I know what you mean Val, but I like to have my family together at holidays. I never grow tired of it. Sorry to hear about your grandaughter having to have surgery. I hope things work out for her and you too.
The point I was trying to say in this messasge was the conflict a family has of not hurting the feelings of one family against the other (like who's house to go to; i.e., their mother's or in-laws). You know what I mean Val?
Since I live alone here in TN, I usually cook dinner for Thanksgiving and Christmas, for the past couple of years my nephew has been with me. Last year he was in the Middle East so I didn't bother cooking. A friend/client of mine who only lives down the street invited me for Thanksgiving and for Christmas I was alone but it was nice not to have to cook or entertain. This year he is stationed in Clarksville, TN which is only about 1 1/2 hours from where I live so I know he will be here for Thanksgiving and I have invited one of my clients who doesn't have family here and just lost her mother last April. I don't know if she'll come but I extended the invitation. Don't know what my nephew's plans are for Christmas but I have a friend/former co worker who doesn't have family in TN and just lost her mom so I invited her for Christmas dinner.
We had no problem once we married... it seems our families also merged! We would still hit both parents for Thanksgiving dinners; one at 1 PM and the other after football, maybe 5 or 6 PM. That was when I could still eat TWO big dinners! Christmas EVE was for both families, Christmas Day just a relaxing day, no big feast, as with New Years!
4 of us went out to dinner last night at a friends restaurant. He joined us for some wine after he closed and a conversation about Thanksgiving came up. He said he was going to close this year and feed some folks who may need a little help.

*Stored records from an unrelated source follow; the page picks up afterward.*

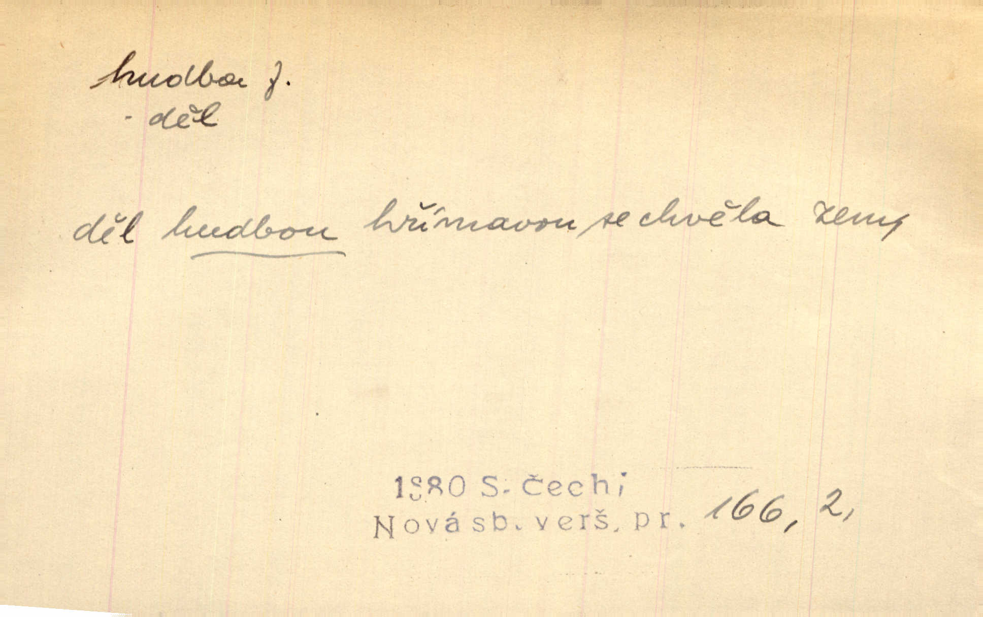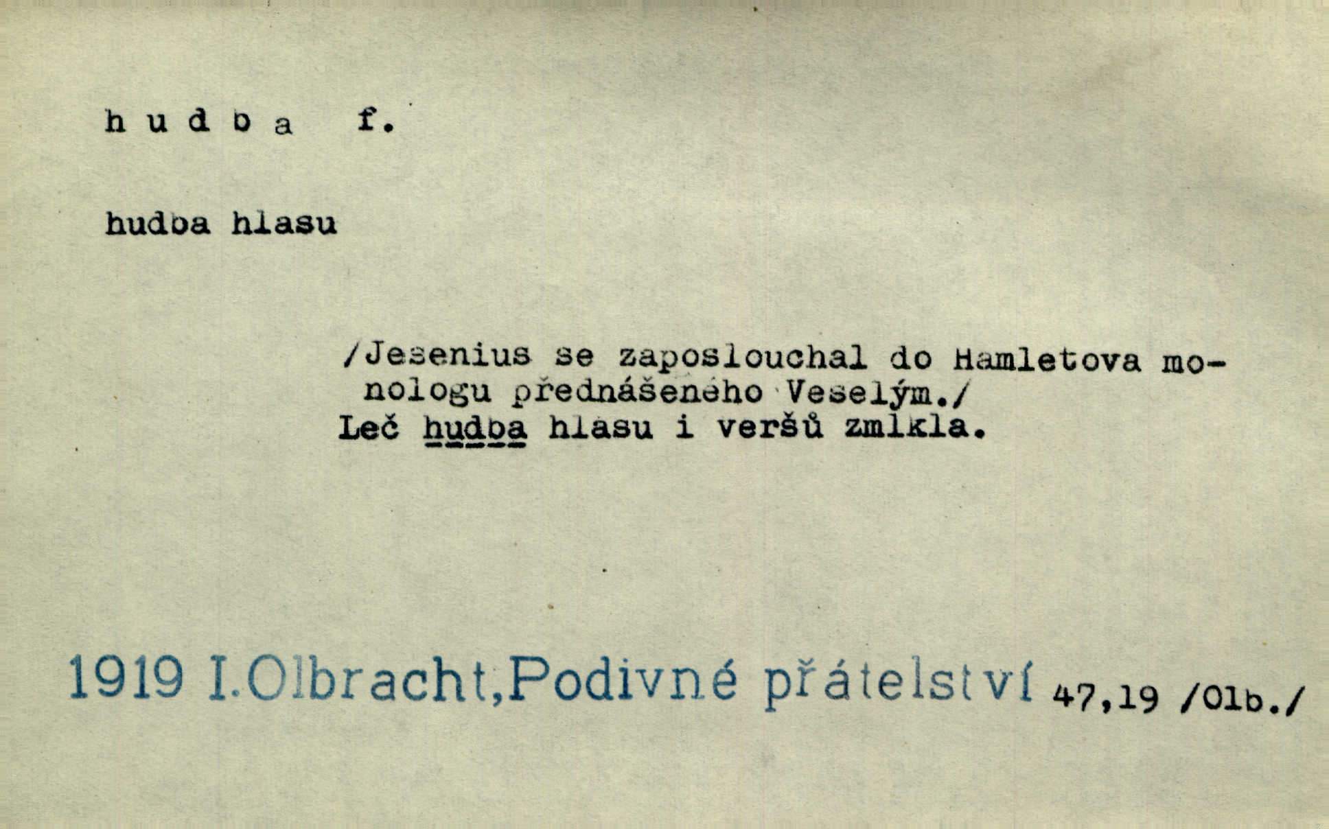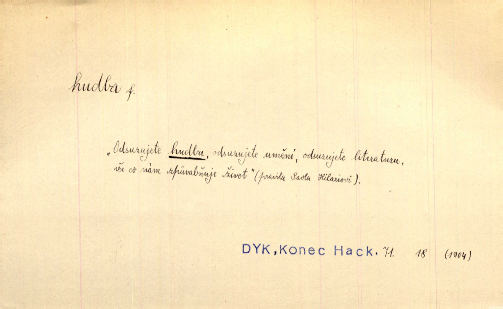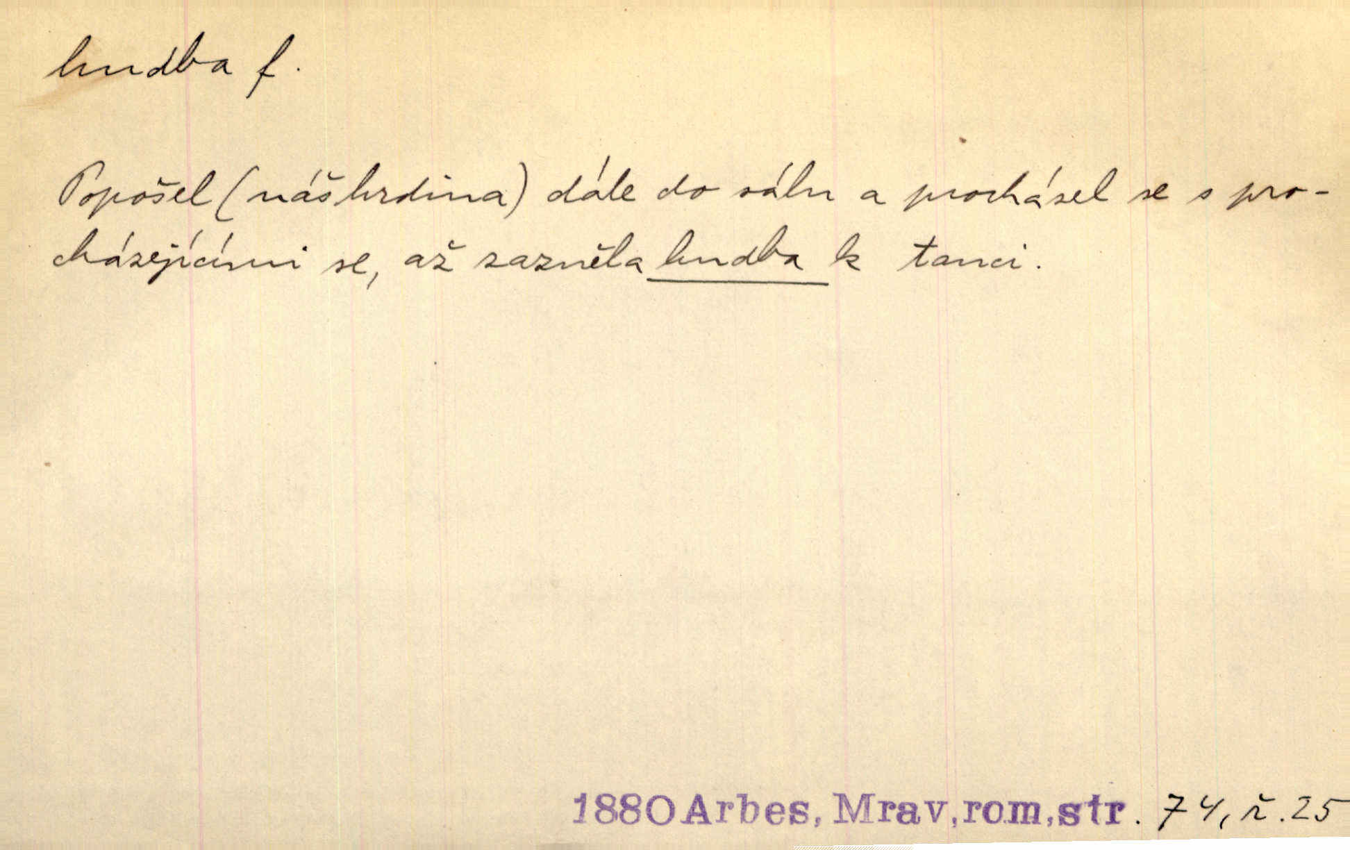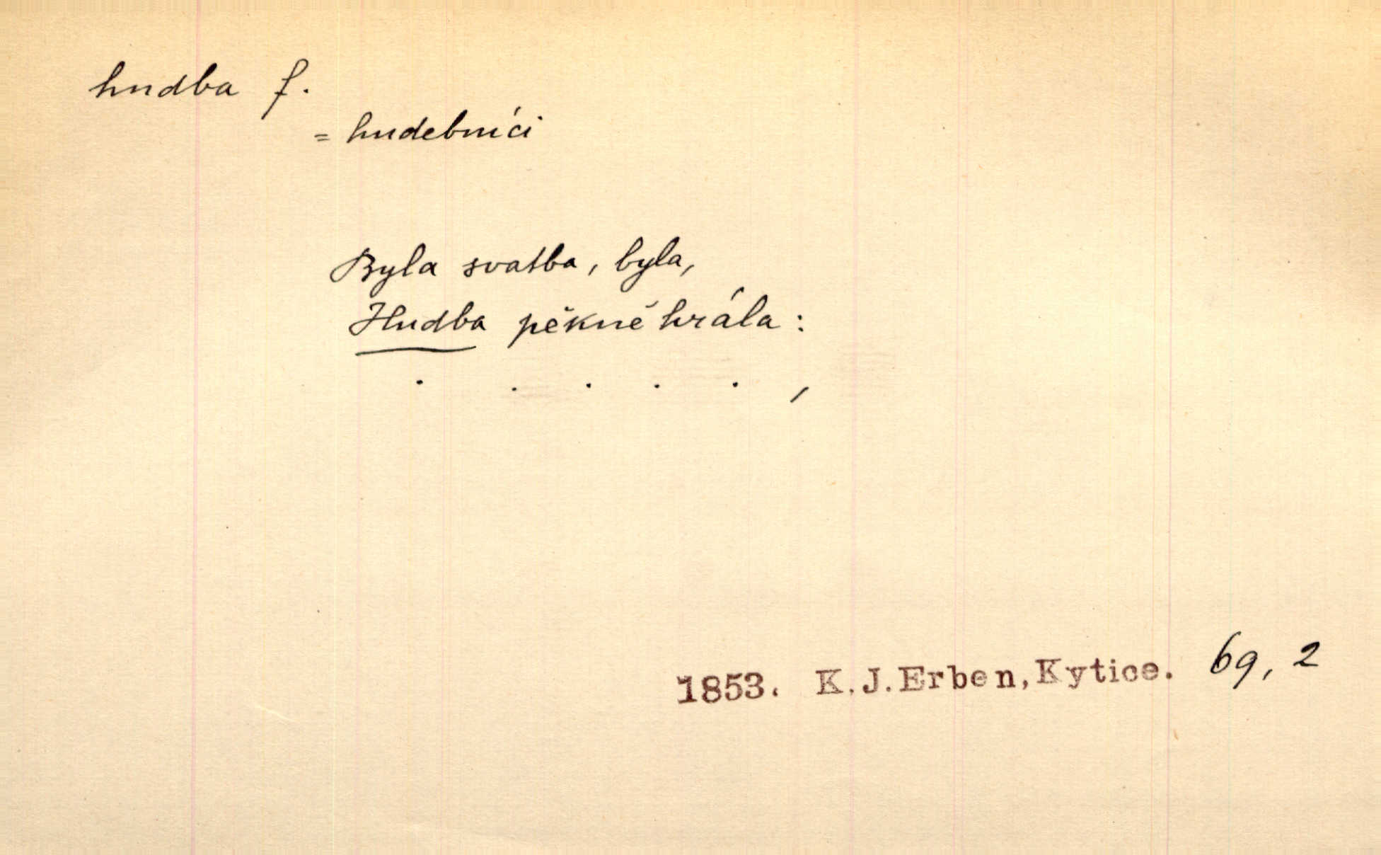 - hudba, -y f. umění tvořící svá díla z tónů. Hudba lidová, umělá, vážná, veselá. Hudba církevní, světská. Hudba dramatická, koncertní, komorní; instrumentální, vokální. Hudba absolutní, programní. Hudba jednohlasá, vícehlasá; homofonní, polyfonní. Přen. Hudba budoucnosti něco krásného, co leží v daleké budoucnosti. D hra na hudební nástroj. V krčmě zazní skočná hudba. Bezr. Přen. Po pekelné hudbě šrapnelů a strojních pušek v zákopech bylo tak nezvyklé ticho. Leg. D hudební skladba, doprovod. Následuje 8 písní od Crhy, Vlčka a j. s hudbou od Frimla, Pivody. Ner. D Arch. hudebniny. Beethoven si stěžuje, že při vyhledávání hudby ve Vídni setkal se s jakýmsi odporem u vrchního hofmistra. Smet. D hudebnost, melodičnost, libozvuk. Pro hudbu slova nemá [básník] valného smyslu. Kar. Kochal se hudbou jejího hlasu. Zey. D sbor hudebníků, kapela. Za jezdci stála hudba náchodská. Jir.
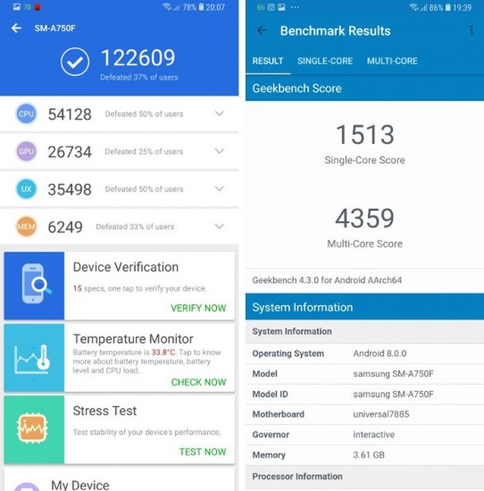 Kiểm tra cho thấy, điểm số mà Galaxy A7 2018 ghi được khá phù hợp với những gì người dùng có thể mong đợi từ một thiết bị trong phân khúc giá. Máy ghi được 122.609 điểm trên AnTuTu.
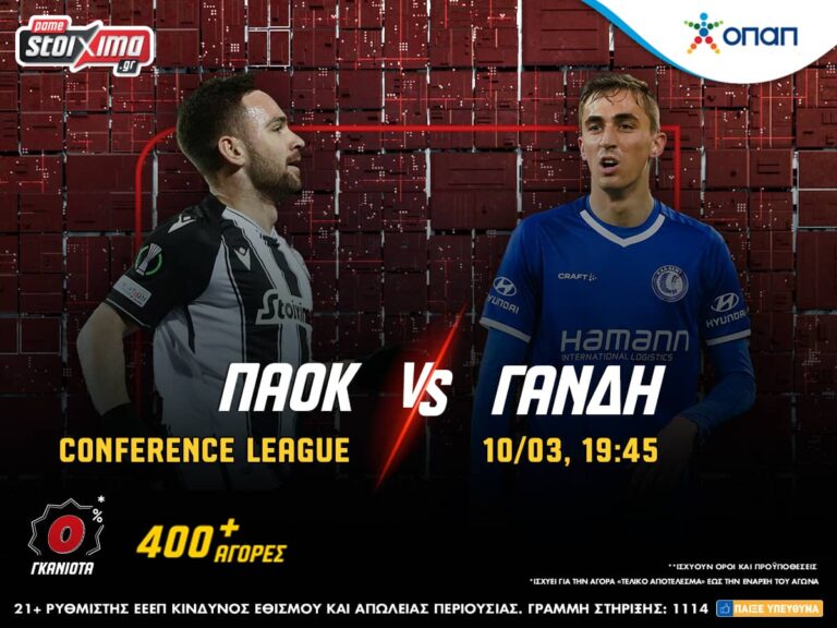 Από εκεί και πέρα, η δράση συνεχίζεται με κομβικές αναμετρήσεις στο Europa League και στο Conference League. Ο ΠΑΟΚ υποδέχεται τη Γάνδη, θέλει να πάρει προβάδισμα πρόκρισης και στο Pamestoixima.gr τη συγκεκριμένη αναμέτρηση τη ζεις με 0% γκανιότα** και περισσότερες από 400 ειδικές αγορές για κάρτες, κόρνερ, παίκτες και όχι μόνο!
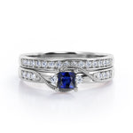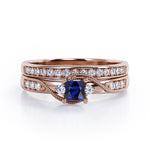 Trilogy Duo Milgrain 0.7 TCW Princess Cut Blue Sapphire and Moissanite Vintage Bridal Ring Set in Rose Gold
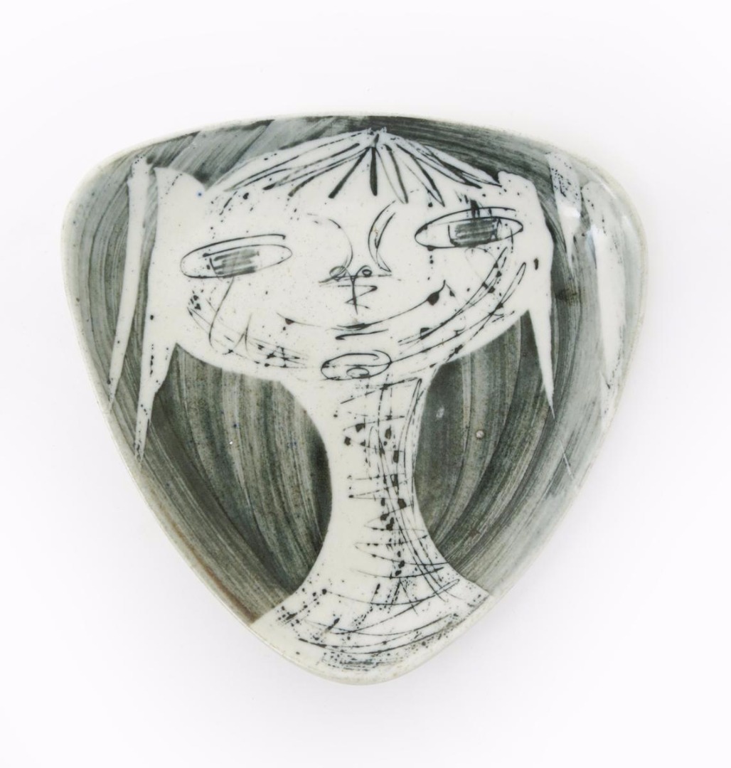 A Richard Parkinson Pottery School Girl plate designed by Susan Parkinson, triangular section, resist decorated in blue on a white ground with a school girl portrait impressed marks, 15.5cm. wide
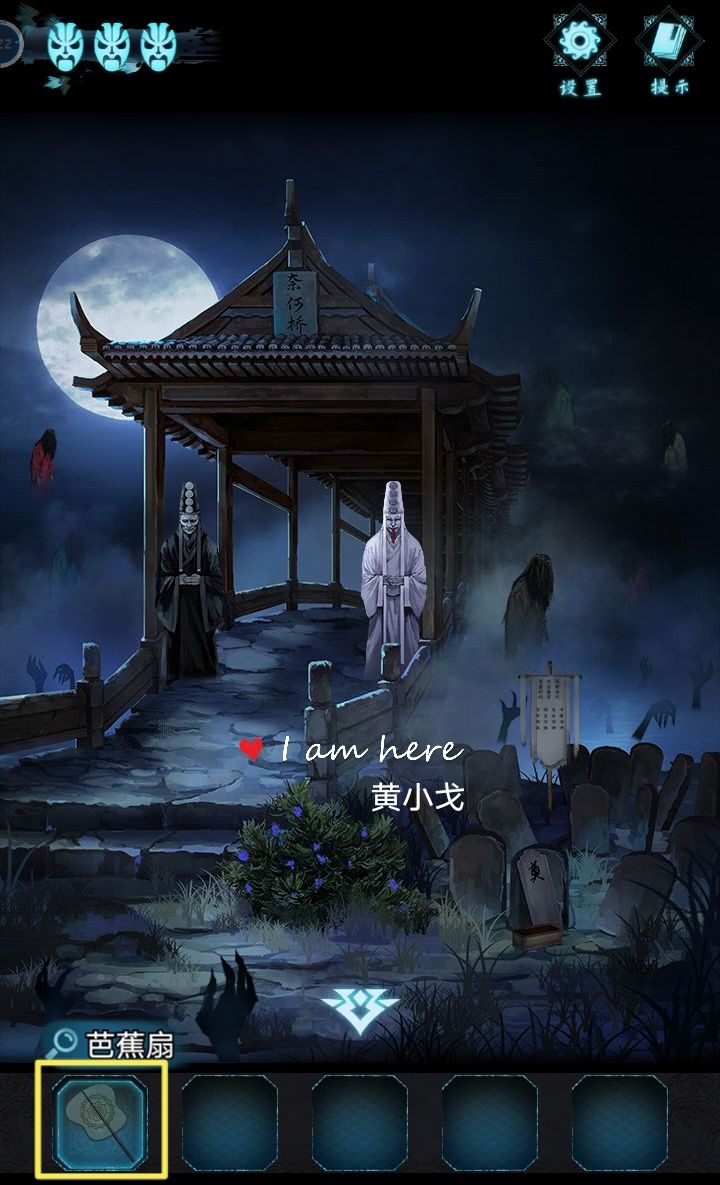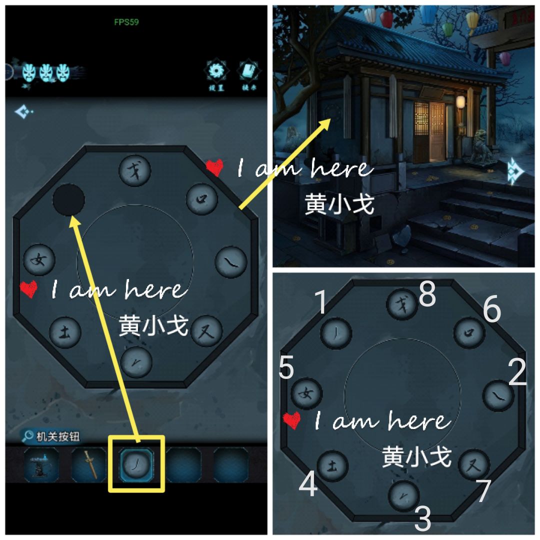 8.石灯打开,获得【桃木剑】和【机关按钮】,注意看柱子上的字:人生如戏
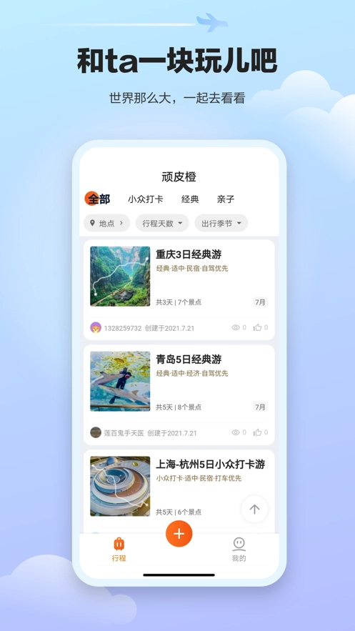 在顽皮橙旅行平台,您还能与他人互动交流并分享自己的旅行故事;借助手机,您可以更轻松地记录下旅途中更多动人的风景与心情文字。
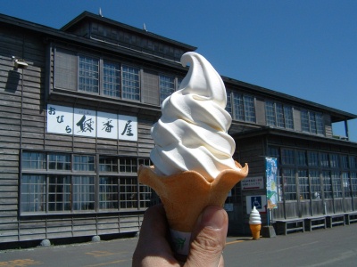 小平鰊番屋で休憩、恒例のソフトクリームを食べた

I think we're going to help out with that, if my kids and grandkids (the ones who will be in town) want to join us fine. He's owned the restaurant for a very long time and it's in a good location for what he has in mind for Thanksgiving. The 4 of us will start a coat drive with the businesses we deal with and other friends we know that own businesses, and in our own neighborhoods. Then we'll give the coats, hats and scarves away at the restaurant on Thanksgiving.
These huge dinners are fun (I love to cook them) and I enjoy having family and friends around, but few in my family really appreciate the tradition much, or like various traditional fish dishes, and their usually pressured to get to their spouses family, friends they feel obligated to visit or my ex's house by a certain time. It sometimes looks as though it's almost a burden for them to pack up all the kids and stuff they bring and hurry, hurry, hurry.
I'm looking forward to the day, if it ever comes, the kids decide to start some tradition of their own and firmly say "we're doing it this year, be here at ____:___ o clock. or earlier if you want to help.
That's precisely why my youngest has Christmas at her house every year. The first couple of years they were married, it was hard for them to be here, at his mom's and and his grandparent's houses too. Now it's at her place and they are all invited. I don't mind, less mess and fuss for me. It's nice being the guest.